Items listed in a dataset
|---|

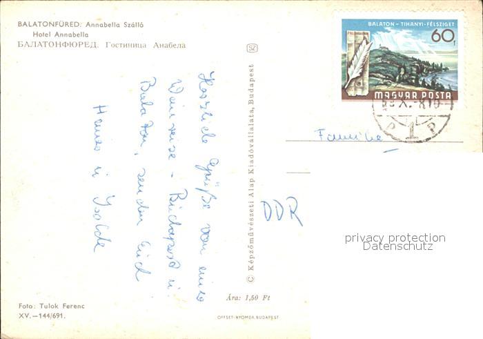 old postcard Balatonfuered Hotel Annabella postalisch gelaufen Erhaltung siehe scans
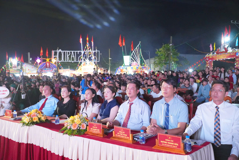 Tham dự đêm hội có đồng chí Vũ Long Sơn – Tỉnh ủy viên, Bí thư Đảng ủy, Chủ tịch HĐND xã; đồng chí Bùi Mạnh Hải – Phó Bí thư Thường trực Đảng ủy xã; đồng chí Nguyễn Văn Phát – Phó Bí thư Đảng ủy, Chủ tịch UBND xã, Chủ tịch Hội đồng Nghĩa vụ quân sự xã; cùng các đồng chí trong Ban Thường vụ Đảng ủy, Thường trực HĐND, UBND, Ủy ban MTTQ Việt Nam xã; lãnh đạo các ban, ngành, đoàn thể; cùng các thanh niên trúng tuyển nghĩa vụ quân sự và nghĩa vụ Công an nhân dân và đông đảo bà con Nhân dân trên địa bàn.
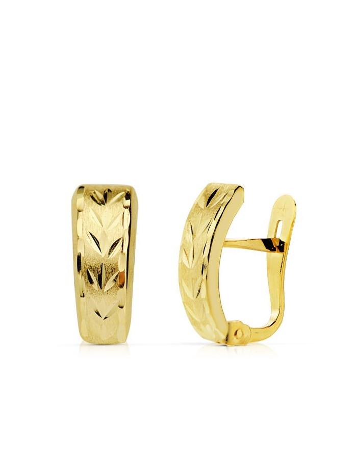 Pendientes de forma ovalada, fabricados en Oro Amarillo 18KT con un acabado de diamantado, ideales para la mujer y perfectos para eventos de Comunión. Cuentan con un cierre tipo catalán que asegura su comodidad y firmeza. Estos elegantes pendientes destacan por su superficie tallada a mano, aportando un toque de sofisticación y elegancia.
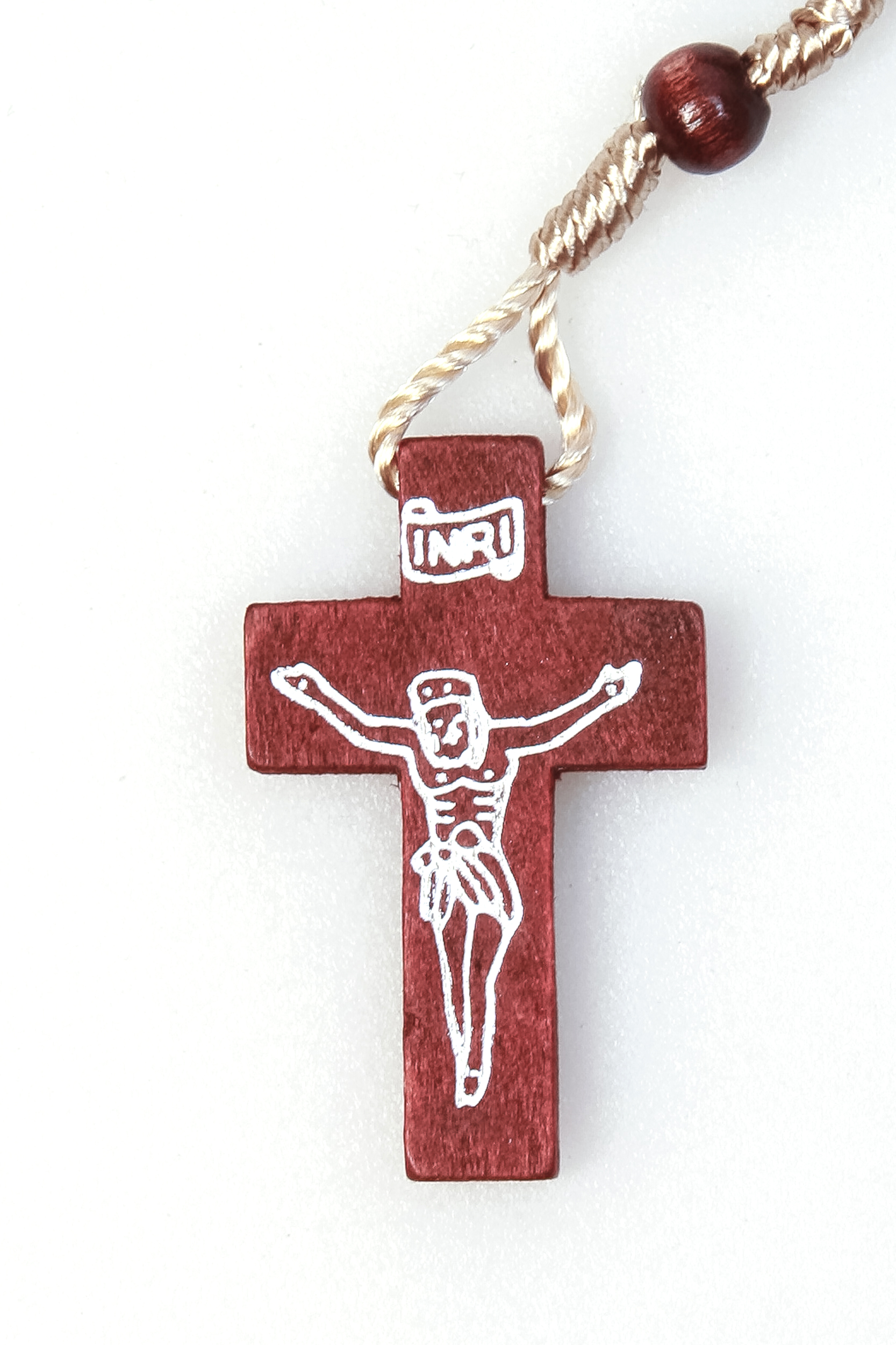• Geknüpfter Rosenkranz mit braunen Holzperlen
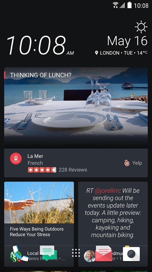 HTC Sense Home — объединяет возможности приложений BlinkFeed и HTC "«Темы»" для создания полностью настраиваемого и очень личного восприятия.
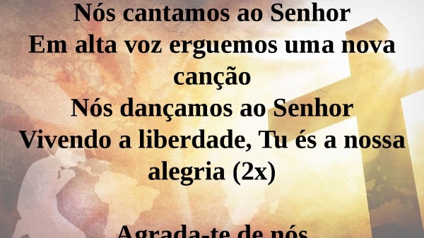 - Nós cantamos ao SenhorEm alta voz erguemos uma nova cançãoNós dançamos ao SenhorVivendo a liberdade, Tu és a nossa alegria (2x)Agrada-te de nós

|---|

Your task
Transcribe all the entries precisely. Do not include any picture.

Your solution
 old postcard Balatonfuered Hotel Annabella postalisch gelaufen Erhaltung siehe scans
 Tham dự đêm hội có đồng chí Vũ Long Sơn – Tỉnh ủy viên, Bí thư Đảng ủy, Chủ tịch HĐND xã; đồng chí Bùi Mạnh Hải – Phó Bí thư Thường trực Đảng ủy xã; đồng chí Nguyễn Văn Phát – Phó Bí thư Đảng ủy, Chủ tịch UBND xã, Chủ tịch Hội đồng Nghĩa vụ quân sự xã; cùng các đồng chí trong Ban Thường vụ Đảng ủy, Thường trực HĐND, UBND, Ủy ban MTTQ Việt Nam xã; lãnh đạo các ban, ngành, đoàn thể; cùng các thanh niên trúng tuyển nghĩa vụ quân sự và nghĩa vụ Công an nhân dân và đông đảo bà con Nhân dân trên địa bàn.
 Pendientes de forma ovalada, fabricados en Oro Amarillo 18KT con un acabado de diamantado, ideales para la mujer y perfectos para eventos de Comunión. Cuentan con un cierre tipo catalán que asegura su comodidad y firmeza. Estos elegantes pendientes destacan por su superficie tallada a mano, aportando un toque de sofisticación y elegancia.
• Geknüpfter Rosenkranz mit braunen Holzperlen
 HTC Sense Home — объединяет возможности приложений BlinkFeed и HTC "«Темы»" для создания полностью настраиваемого и очень личного восприятия.
 - Nós cantamos ao SenhorEm alta voz erguemos uma nova cançãoNós dançamos ao SenhorVivendo a liberdade, Tu és a nossa alegria (2x)Agrada-te de nós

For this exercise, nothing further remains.